Orland Park mall shooting: When does safety become a form of racism?
A teenager brought a gun into the Orland Park Mall and shot and killed a fellow student. But instead of talking about measures to protect innocent shoppers, some want to focus on racism. It’s time to consider metal detectors and restrictions on clothing that teenagers can wear and stop turning everything into “racism”
By Ray Hanania
Originally published in The Regional Newspaper, The Reporter Newspaper Jan. 30, 2019
January 21 happened to be the 3rd Monday of the month and was the day that the nation commemorated the life of the assassinated civil rights leader the Rev. Dr. Martin Luther King Jr. this year. It also happened to be the day of a mall shooting, when a 19-year-old from suburban University Park, Jakharr Williams, shot and killed an 18-year-old from Richton Park, Javon Britten.
Williams was on parole, released from prison after serving only one year for armed robbery. He approached Britten and his friends at the Orland Park Mall, which was packed with customers and teenagers because it was a school holiday. They all knew each other from Rich Central High School.
A bystander shopping at the mall with his family was injured in the shower of bullets fired by Williams at Britten and his friends. Britten was taken to Christ Hospital where he died.
Mall shootings have become a frequent occurrence for armed killers. In January 2014, three people were killed in a mall in Columbia, Maryland. In Sept. 2016, five people were shot to death in a mall in Burlington, Washington. There were two separate shootings in October and December 2018 at a mall in Kansas City. There have been shootings in malls across the country, many resulting in death.

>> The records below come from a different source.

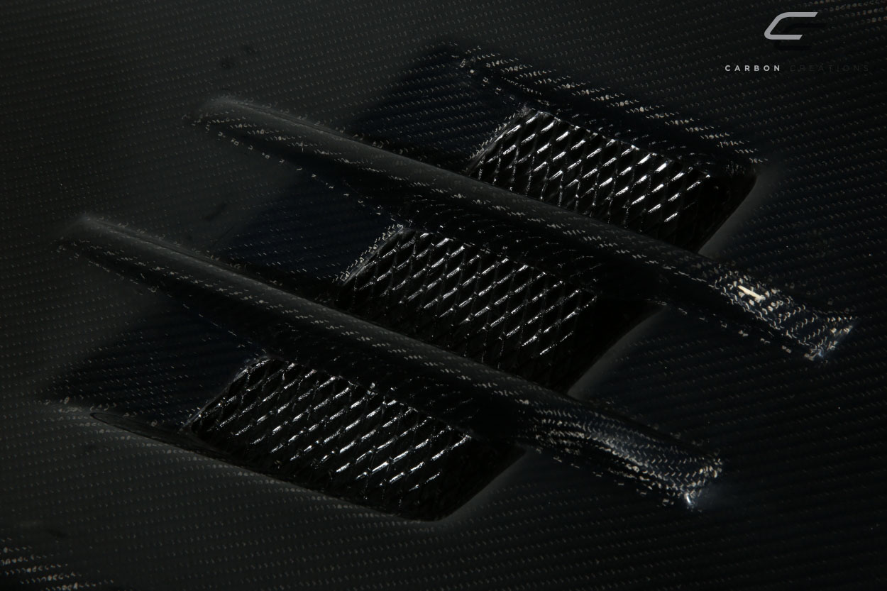 Carbon Creations is one of the most sought after brands by motorsport professionals. All Carbon Creations aerodynamics are manufactured to the highest quality standard to ensure proper fitment and durability. Not a direct bolt-on item: requires professional installation by a body shop with extensive experience in working with aftermarket parts. Every part is made with Grade """"A"""" carbon fiber and finished with a premium clear coat for UV protection. Carbon Creations parts are up to 70% lighter than OEM parts, increasing performance and style. Whether on the track or at the show, Carbon Creations has what you need.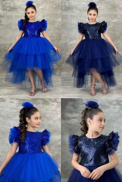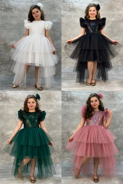 Tütülü Kuyruklu Pul Payet Kız Çocuk Elbisesi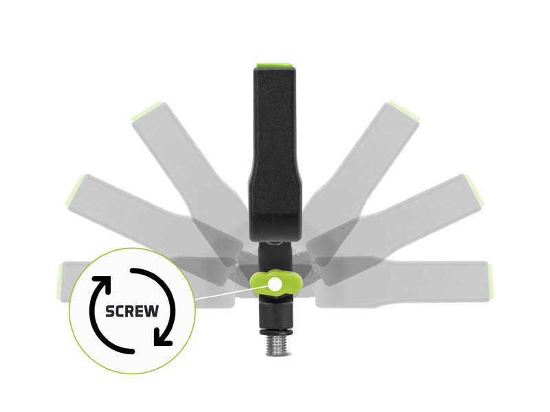 V spodnej časti je na rám pripevnený plastový kĺb s otočným regulátorom, poskytujúci možnosť polohovania držiaku v rôznych uhloch podľa Vašich potrieb a podľa podmienok pri vode. EvaFRONT disponuje taktiež univerzálnym závitom kompatibilným s väčšinou rázsošiek, feedrových držiakov a ramien.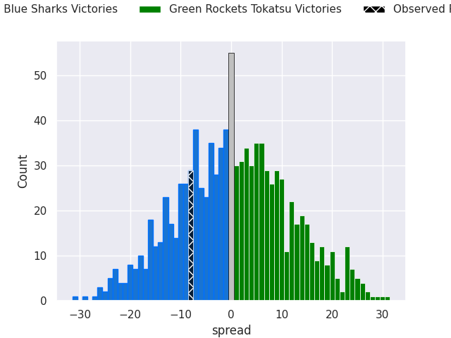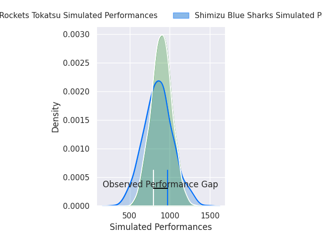 With the player model, I predicted Green Rockets Tokatsu to win by 0.72, and Shimizu Blue Sharks won by 8.0. That’s an absolute error of 8.7 for the margin of victory, while the average error as been 13.4 for the past six months. So this prediction was more accurate than 49.3% of my recent predictions.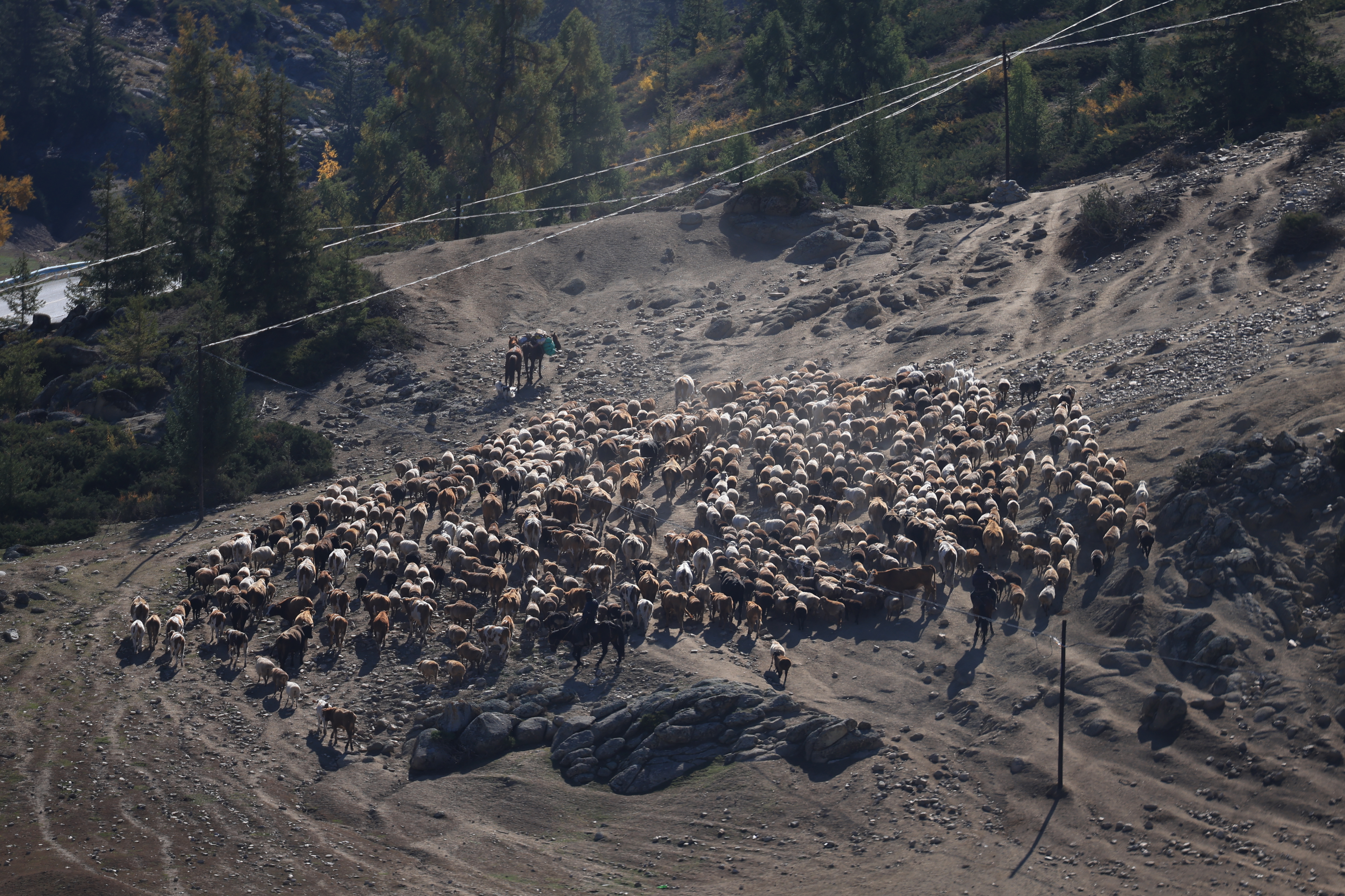 它是一个幽静美丽的小山村,阿尔泰山上密密麻麻的金黄的松树林一直延伸到白哈巴村里,远离尘嚣,一片寂静。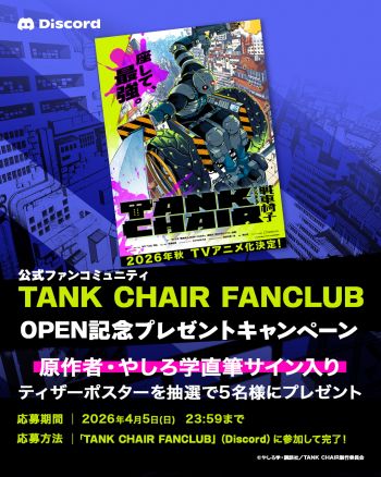 2026年3月18日(水)から2026年4月5日(日)23:59までに「TANK CHAIR FANCLUB」に登録いただいた方の中から抽選で5名様に原作者・やしろ学直筆サイン入りティザーポスターをプレゼント!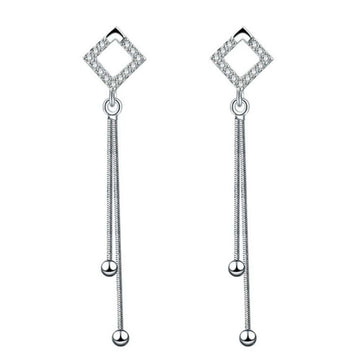 Brand ladies silver jewelry simple hollow shaped long earrings tassel geometric crystal silver Drop Earrings 67MM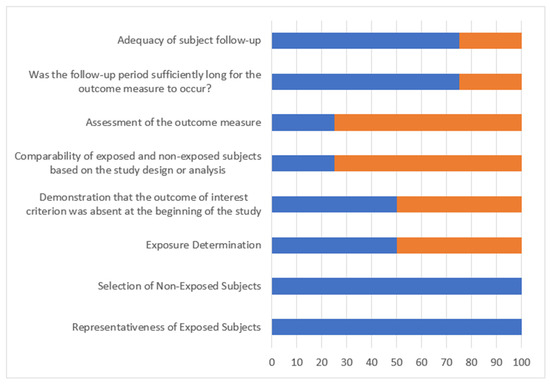 Newcastle–Ottawa risk of bias assessment graph (proportion of risk in orange color). The blue color represents the proportion of studies in which the risk of bias (named in the first column) was controlled/addressed in the studies included in the systematic review (and the orange was not controlled).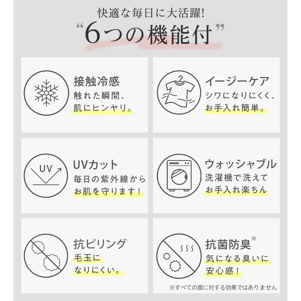 「接触冷感・UVカット・抗菌防臭※1・イージーケア・ウォッシャブル・アンチピリング」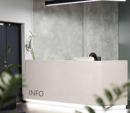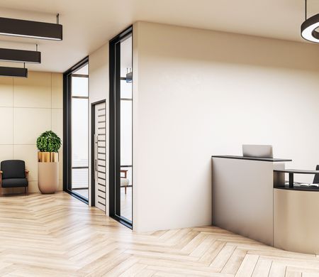 Las áreas de recepción y atención al cliente requieren materiales con alta resistencia al roce, ya que son zonas de mucho tránsito. Aquí trabajamos con recubrimientos de gran cubrición y durabilidad que soportan golpes, maletas o mobiliario en movimiento, manteniendo una imagen cuidada en todo momento.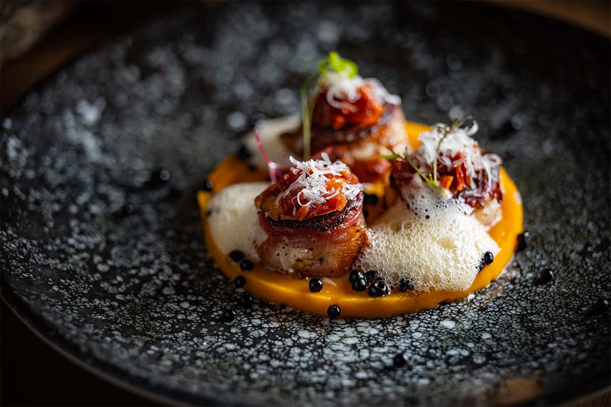 Capesante al guanciale croccante con purea di zucca, finferli e gocce di aceto balsamicoPer le gocce di aceto balsamico:-200 ml di aceto balsamico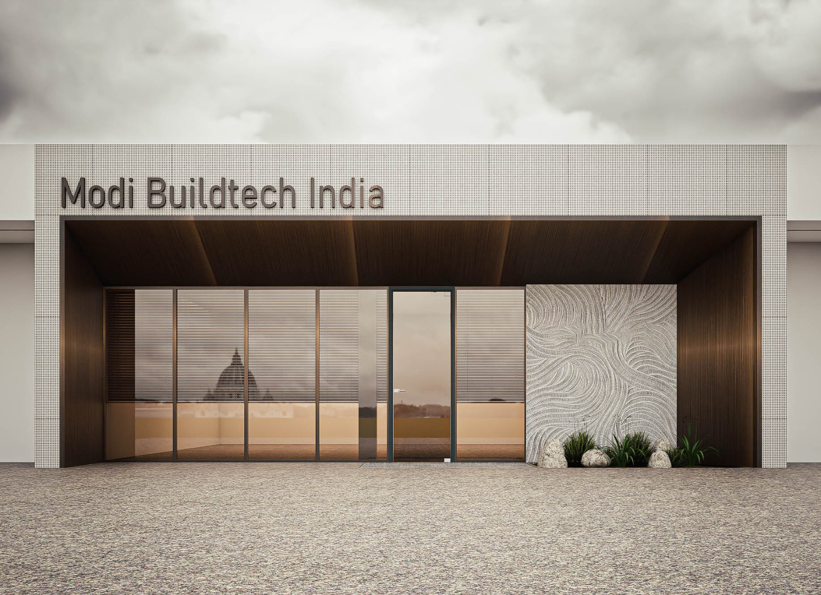 This 2,200 sq. ft. office in Faridabad was designed as a sleek and modern space for a real estate company. The facade sets the tone with its clean geometry, warm wooden accents, and a textured feature wall that adds depth and artistry to the entrance.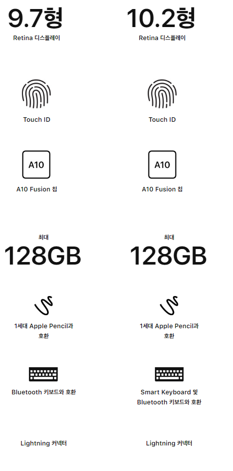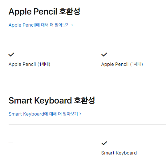 apple pencil 똑같이 1 세대만 , 스마트 키보드만 추가적으로 7세대 ipad에 사용 가능. (그냥 다른 키보드 쓰면된다..)

So what do we do? Just accept it? Should we turn this into a political debate over gun ownership the way Democrats and Republicans do every time someone kills someone else with a gun?
Some politicians in their irresponsible desperation to win higher office, power, contracts and clout have used these kinds of gun violence incidents to empower their campaigns exploiting the racism that often surrounds these killings because many times, the shooters are Black.
Instead of discussing ways to confront the rising violence, they used the police shooting of Laquan McDonald, an armed drugged up teenager with a long criminal history, who happened to be African American, as a means of harvesting the race-driven anger of African American voters.
Why malls? Because the suspects and the victims involved are often teenagers involved in or on the periphery of criminal lifestyles. Some are street gang members, but any teenager carrying a gun into a mall is a criminal regardless of their age or race.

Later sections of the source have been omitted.